Heating of the ladle can be carried out in a metallurgical ladle metallurgical furnace (LMF). The LMF can have several functions including: 1. Heating the liquid steel in the ladle to the required output temperature suitable for subsequent processing such as a continuous casting operation. 2. Adjust the steel composition to the specific requirements of the following process. 3. Achieve reduction in the sulfur content of the steel to aim for the final sulfur content.

4. Achieve thermal and chemical homogeneity in the liquid steel bath.

5. Agglomeration and flotation of oxide inclusions and their subsequent capture and retention in the refining slag.

In a conventional metallurgical blast furnace, heating can be achieved by electric arc heaters. The liquid steel must be covered with a refining slag weight and a reduced power agitation is required for temperature homogeneity. This is achieved by electromagnetic stirring or suitable argon bubbling. The weight and thickness of the slag is sufficient to contain the electric arcs, whose composition and physical properties (that is, fluidity) are such that the slag contains and retains sulfur and solid and liquid oxide inclusions resulting from deoxidation reactions and/or reaction with atmospheric oxygen.

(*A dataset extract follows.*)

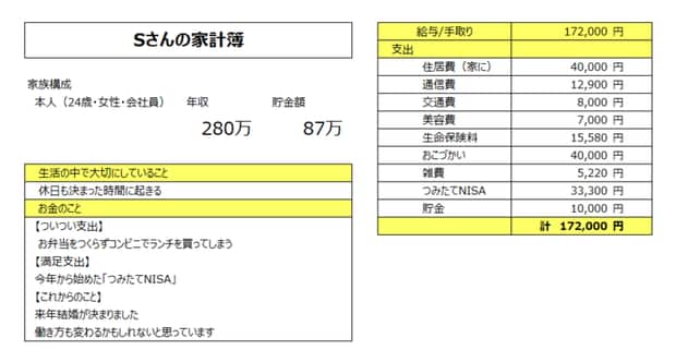 FPオフィス「フォルテシモ」へ依頼されたお客さまの家計簿を、mymoで診断する【うちの家計簿】。今回は来年結婚の予定がある会社員24歳女性、Sさんの家計簿です。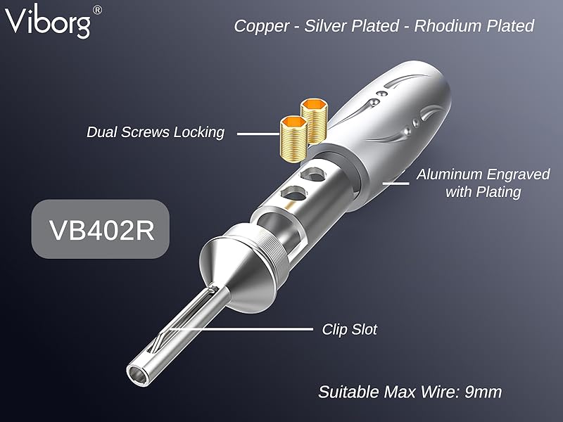Viborg VB402R su vrhunski bananski konektori za audiofile koji ne žele kompromise u prenosu signala između pojačala i zvučnika. Za razliku od standardnih konektora koji su često od mesinga, ovi su izrađeni od čistog crvenog bakra, što drastično poboljšava provodljivost.

The molten steel can be stirred by injecting inert gas such as, for example, argon or nitrogen to facilitate the slag-metal mixture in the steel melt and the desulphurisation of the steel. Typically, the inert gas can be injected through a permeable refractory flushing plug located at the bottom of the ladle or through a lance. We have now established that if unusually strong or vigorous agitation is achieved, for example by injecting argon through a lance dipped into the steel, in conjunction with a CaO-rich slag regime, it is possible to obtain remarkable non-equilibrium results such such as very low steel-free oxygen levels with silicon deoxidation. In particular, it is possible to quickly achieve free oxygen levels in the order of 10 ppm in contrast to an expected result of 50 ppm. This low free oxygen level enables more efficient desulphurisation and it becomes possible to achieve very low sulfur levels in a silicon/manganese sealed steel.

In particular, we have determined that by injecting argon through a lance at flow rates of 0.35 scf/min to 0.5 scf/m per ton of molten steel with a liquid slag that has a high content of CaO, it is possible to achieve free oxygen in a silicon/manganese regime at 1600 °C or less than 12 ppm and as little as 8 ppm to rapidly achieve desulfurization to sulfur levels below 0.009%. It is believed that the vigorous stirring of the molten metal promotes mixing between the liquid slag and the steel and promotes the removal of SiO2, which is the product of the reaction of silicon with free oxygen in the steel, thereby promoting the continuation of the silicon deoxidation reaction to produce low free oxygen levels, as more conventionally expected with aluminum deoxidation.

At the conclusion of the desulfurization step, the slag can be thickened to prevent reversion of sulfur back into the steel, and then oxygen is injected into the steel to increase the free oxygen content to 50 ppm to produce a steel that is easily castable in a double roll casting machine.

In order to explain the invention more fully, an illustrative embodiment of the invention will be described with reference to the accompanying drawing, which is a partial side section of a metallurgical ladle furnace.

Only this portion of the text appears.